Re: [PATCH RFC 10/18] drm/scheduler: Add can_run_job callback

public inbox for linux-media@vger.kernel.org
 help / color / mirror / Atom feed

From: "Christian König" <christian.koenig@amd.com>
To: "Asahi Lina" <lina@asahilina.net>,
	"Maarten Lankhorst" <maarten.lankhorst@linux.intel.com>,
	"Maxime Ripard" <mripard@kernel.org>,
	"Thomas Zimmermann" <tzimmermann@suse.de>,
	"David Airlie" <airlied@gmail.com>,
	"Daniel Vetter" <daniel@ffwll.ch>,
	"Miguel Ojeda" <ojeda@kernel.org>,
	"Alex Gaynor" <alex.gaynor@gmail.com>,
	"Wedson Almeida Filho" <wedsonaf@gmail.com>,
	"Boqun Feng" <boqun.feng@gmail.com>,
	"Gary Guo" <gary@garyguo.net>,
	"Björn Roy Baron" <bjorn3_gh@protonmail.com>,
	"Sumit Semwal" <sumit.semwal@linaro.org>,
	"Luben Tuikov" <luben.tuikov@amd.com>,
	"Jarkko Sakkinen" <jarkko@kernel.org>,
	"Dave Hansen" <dave.hansen@linux.intel.com>
Cc: Alyssa Rosenzweig <alyssa@rosenzweig.io>,
	Karol Herbst <kherbst@redhat.com>,
	Ella Stanforth <ella@iglunix.org>,
	Faith Ekstrand <faith.ekstrand@collabora.com>,
	Mary <mary@mary.zone>,
	linux-kernel@vger.kernel.org, dri-devel@lists.freedesktop.org,
	rust-for-linux@vger.kernel.org, linux-media@vger.kernel.org,
	linaro-mm-sig@lists.linaro.org, linux-sgx@vger.kernel.org,
	asahi@lists.linux.dev
Subject: Re: [PATCH RFC 10/18] drm/scheduler: Add can_run_job callback
Date: Wed, 8 Mar 2023 20:12:38 +0100	[thread overview]
Message-ID: <d1fccceb-ca77-f653-17fc-63168e0da884@amd.com> (raw)
In-Reply-To: <c0624252-070e-bd44-2116-93a1d63a1359@asahilina.net>

Am 08.03.23 um 20:05 schrieb Asahi Lina:
> [SNIP]
>> Well it's not the better way, it's the only way that works.
>>
>> I have to admit that my bet on your intentions was wrong, but even that
>> use case doesn't work correctly.
>>
>> See when your callback returns false it is perfectly possible that all
>> hw fences are signaled between returning that information and processing it.
>>
>> The result would be that the scheduler goes to sleep and never wakes up
>> again.
> That can't happen, because it will just go into another iteration of the
> drm_sched main loop since there is an entity available still.
>
> Rather there is probably the opposite bug in this patch: the can_run_job
> logic should be moved into the wait_event_interruptible() condition
> check, otherwise I think it can end up busy-looping since the condition
> itself can be true even when the can_run_job check blocks it.
>
> But there is no risk of it going to sleep and never waking up because
> job completions will wake up the waitqueue by definition, and that
> happens after the driver-side queues are popped.
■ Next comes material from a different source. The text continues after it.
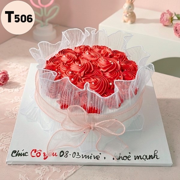 Mẫu T506 là một tác phẩm nghệ thuật với phần mặt bánh phủ kín bởi những đóa hồng kem màu đỏ nhung đậm đà. Mỗi bông hoa được bắt cánh cầu kỳ, xen kẽ là những hạt ngọc trai bạc lấp lánh như sương sớm.

If this problem could
> happen, then the existing hw_submission_limit logic would be broken in
> the same way. It is logically equivalent in how it works.
>
> Basically, if properly done in wait_event_interruptible, it is exactly
> the logic of that macro that prevents this race condition and makes
> everything work at all. Without it, drm_sched would be completely broken.
>
>> As I said we exercised those ideas before and yes this approach here
>> came up before as well and no it doesn't work.
> It can never deadlock with this patch as it stands (though it could busy
> loop), and if properly moved into the wait_event_interruptible(), it
> would also never busy loop and work entirely as intended. The actual API
> change is sound.
>
> I don't know why you're trying so hard to convince everyone that this
> approach is fundamentally broken... It might be a bad idea for other
> reasons, it might encourage incorrect usage, it might not be the best
> option, there are plenty of arguments you can make... but you just keep
> trying to make an argument that it just can't work at all for some
> reason. Why? I already said I'm happy dropping it in favor of the fences...

Well because it is broken.

When you move the check into the wait_event_interruptible condition then 
who is going to call wait_event_interruptible when the condition changes?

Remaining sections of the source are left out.